● **EXERCISE**: The lines from the beginning of the records below through the one holding "アンティークの木箱をモチーフ" are to be copied exactly; leave the pictures out.

● **DATA**:

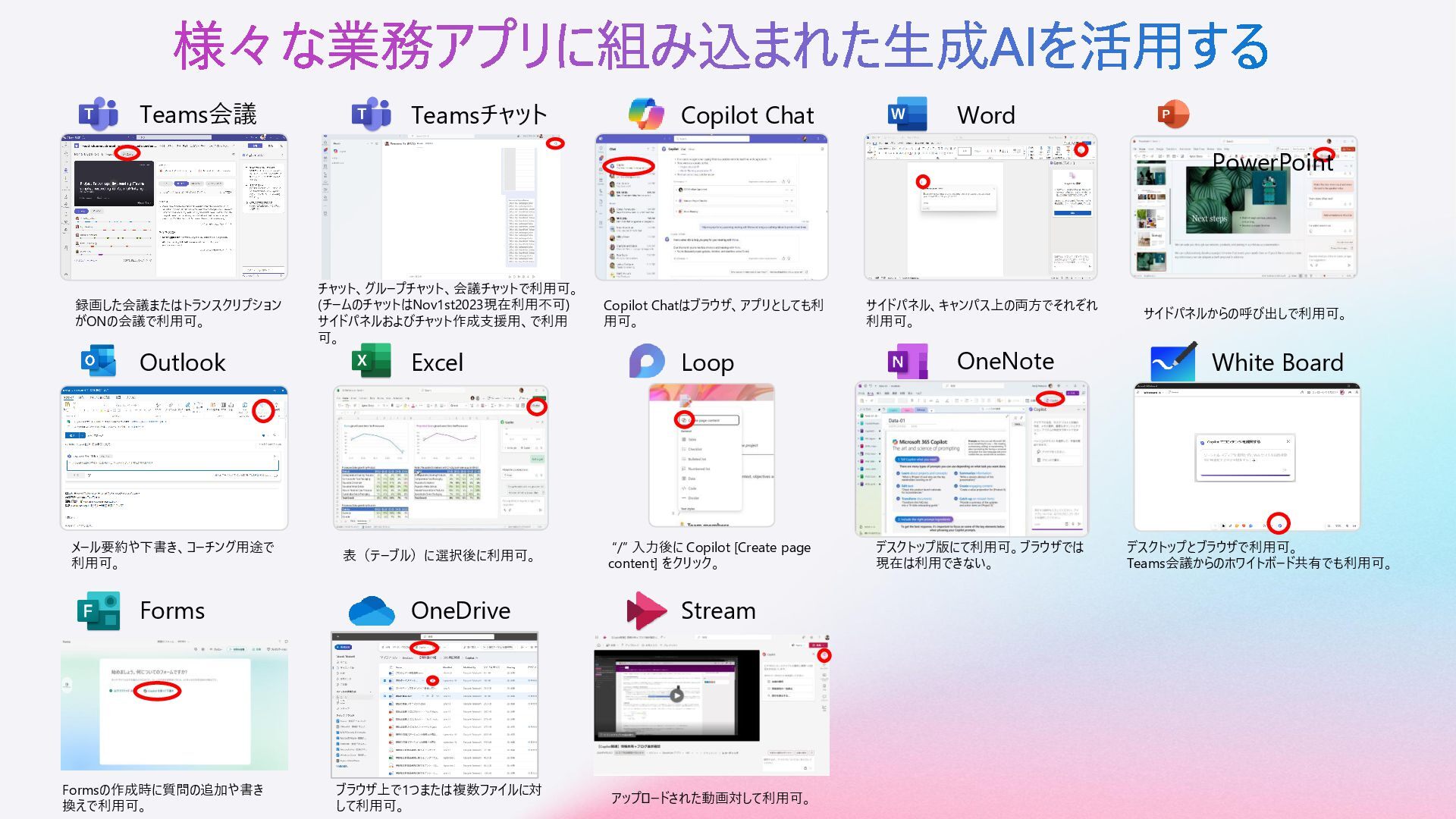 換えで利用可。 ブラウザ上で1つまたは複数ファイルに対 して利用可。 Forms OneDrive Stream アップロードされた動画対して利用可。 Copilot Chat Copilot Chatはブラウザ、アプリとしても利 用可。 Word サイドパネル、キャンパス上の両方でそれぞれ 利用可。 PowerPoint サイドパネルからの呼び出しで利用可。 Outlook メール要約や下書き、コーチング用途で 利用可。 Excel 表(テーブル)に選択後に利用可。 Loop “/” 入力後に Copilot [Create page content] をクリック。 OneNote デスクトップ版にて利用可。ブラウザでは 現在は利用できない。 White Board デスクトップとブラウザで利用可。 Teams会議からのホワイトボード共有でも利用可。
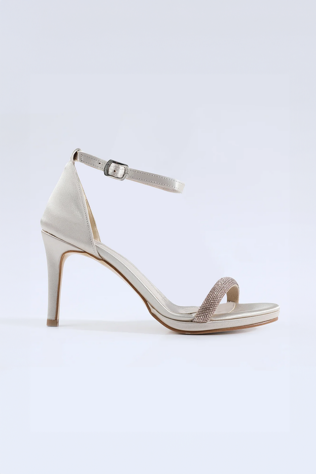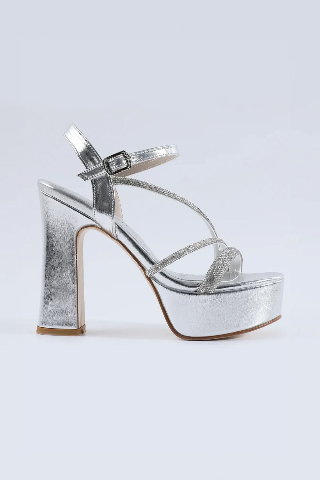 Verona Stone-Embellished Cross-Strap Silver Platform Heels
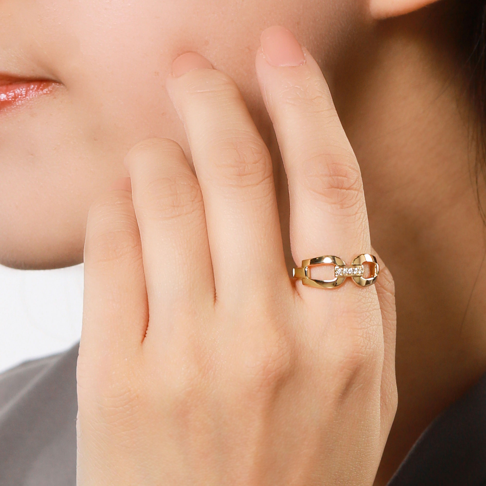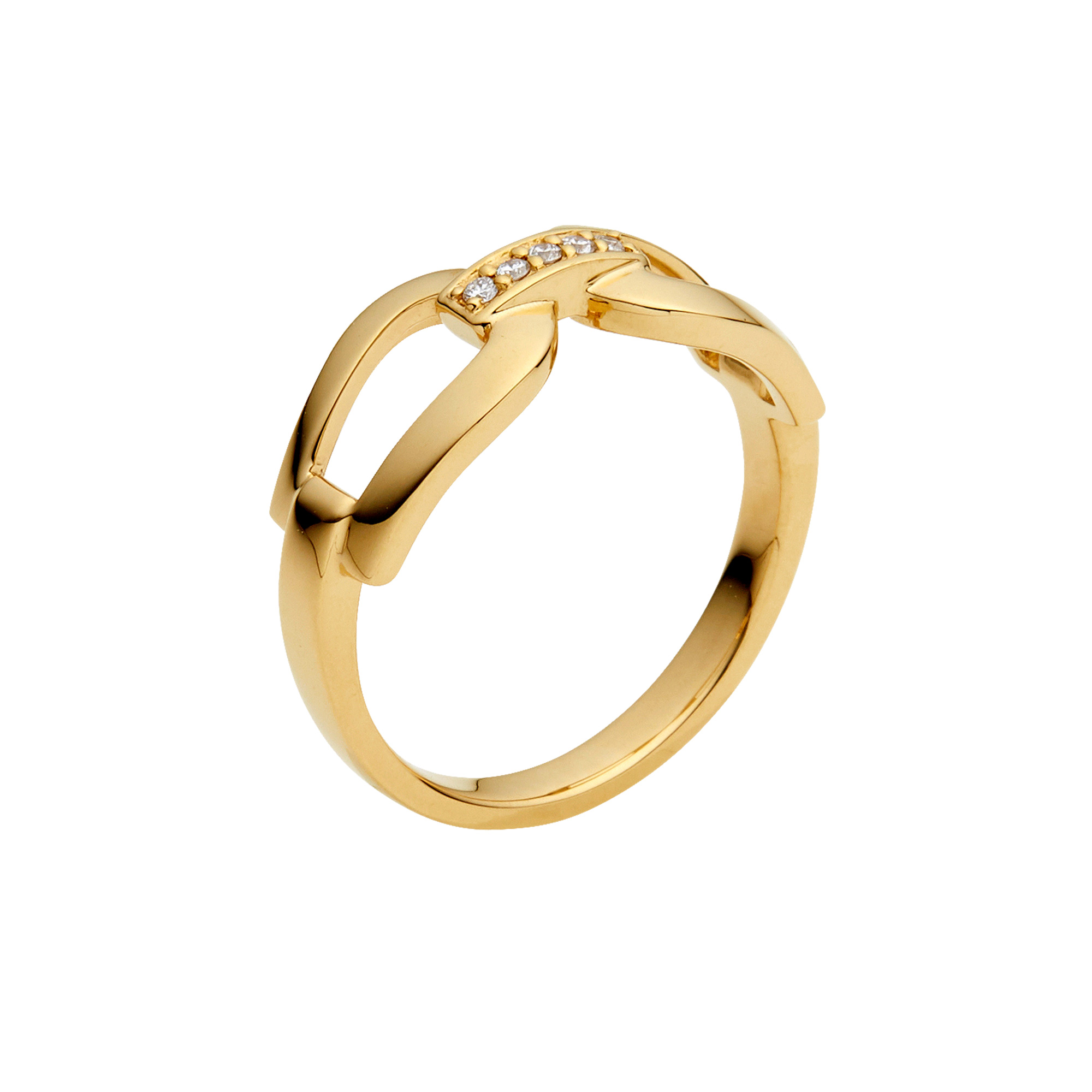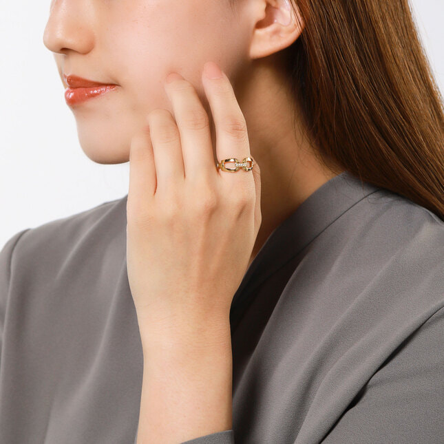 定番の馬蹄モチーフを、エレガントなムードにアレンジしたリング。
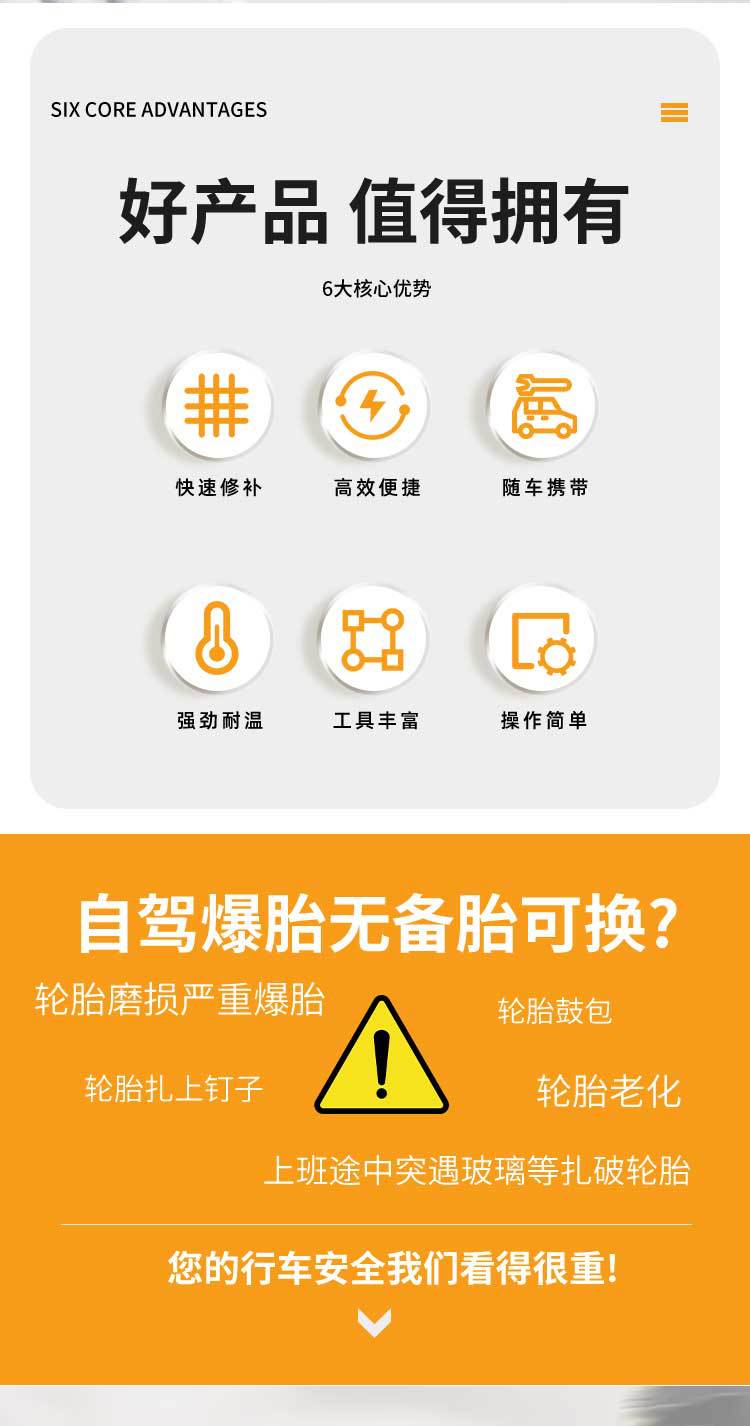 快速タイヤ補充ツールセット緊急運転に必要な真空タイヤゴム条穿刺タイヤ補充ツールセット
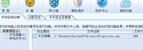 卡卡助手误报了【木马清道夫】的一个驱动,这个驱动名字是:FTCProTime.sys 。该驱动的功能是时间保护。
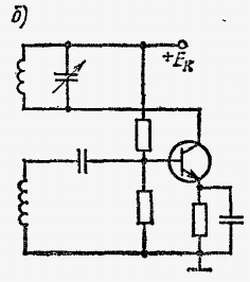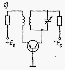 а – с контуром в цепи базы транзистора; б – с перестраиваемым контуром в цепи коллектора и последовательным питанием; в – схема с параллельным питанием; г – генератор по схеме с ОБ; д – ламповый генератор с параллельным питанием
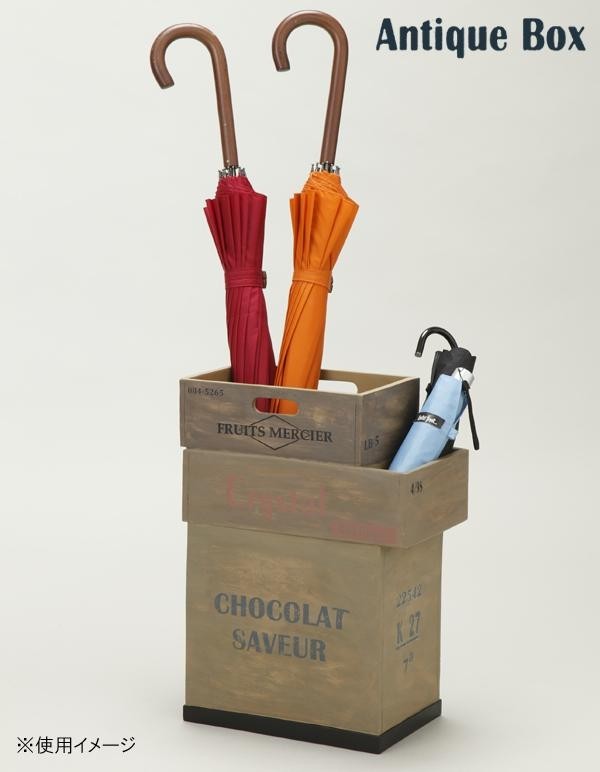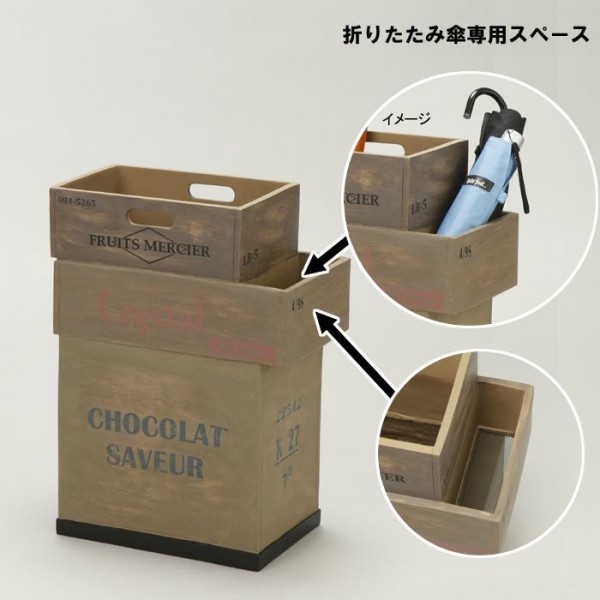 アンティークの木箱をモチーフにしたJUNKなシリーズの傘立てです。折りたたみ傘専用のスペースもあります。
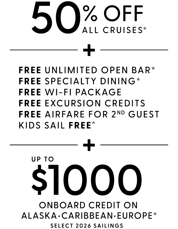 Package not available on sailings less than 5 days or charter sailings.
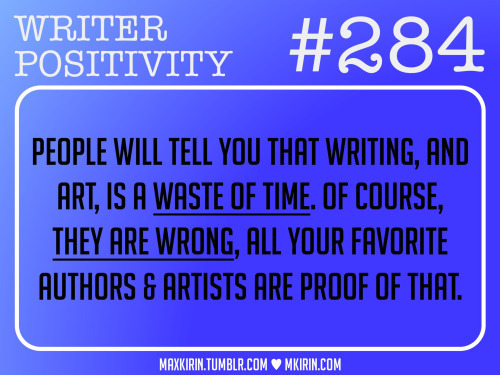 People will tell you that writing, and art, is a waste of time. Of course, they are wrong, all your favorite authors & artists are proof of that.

● **WORKED SOLUTION**:
 換えで利用可。 ブラウザ上で1つまたは複数ファイルに対 して利用可。 Forms OneDrive Stream アップロードされた動画対して利用可。 Copilot Chat Copilot Chatはブラウザ、アプリとしても利 用可。 Word サイドパネル、キャンパス上の両方でそれぞれ 利用可。 PowerPoint サイドパネルからの呼び出しで利用可。 Outlook メール要約や下書き、コーチング用途で 利用可。 Excel 表(テーブル)に選択後に利用可。 Loop “/” 入力後に Copilot [Create page content] をクリック。 OneNote デスクトップ版にて利用可。ブラウザでは 現在は利用できない。 White Board デスクトップとブラウザで利用可。 Teams会議からのホワイトボード共有でも利用可。
 Verona Stone-Embellished Cross-Strap Silver Platform Heels
 定番の馬蹄モチーフを、エレガントなムードにアレンジしたリング。
 快速タイヤ補充ツールセット緊急運転に必要な真空タイヤゴム条穿刺タイヤ補充ツールセット
 卡卡助手误报了【木马清道夫】的一个驱动,这个驱动名字是:FTCProTime.sys 。该驱动的功能是时间保护。
 а – с контуром в цепи базы транзистора; б – с перестраиваемым контуром в цепи коллектора и последовательным питанием; в – схема с параллельным питанием; г – генератор по схеме с ОБ; д – ламповый генератор с параллельным питанием
 アンティークの木箱をモチーフにしたJUNKなシリーズの傘立てです。折りたたみ傘専用のスペースもあります。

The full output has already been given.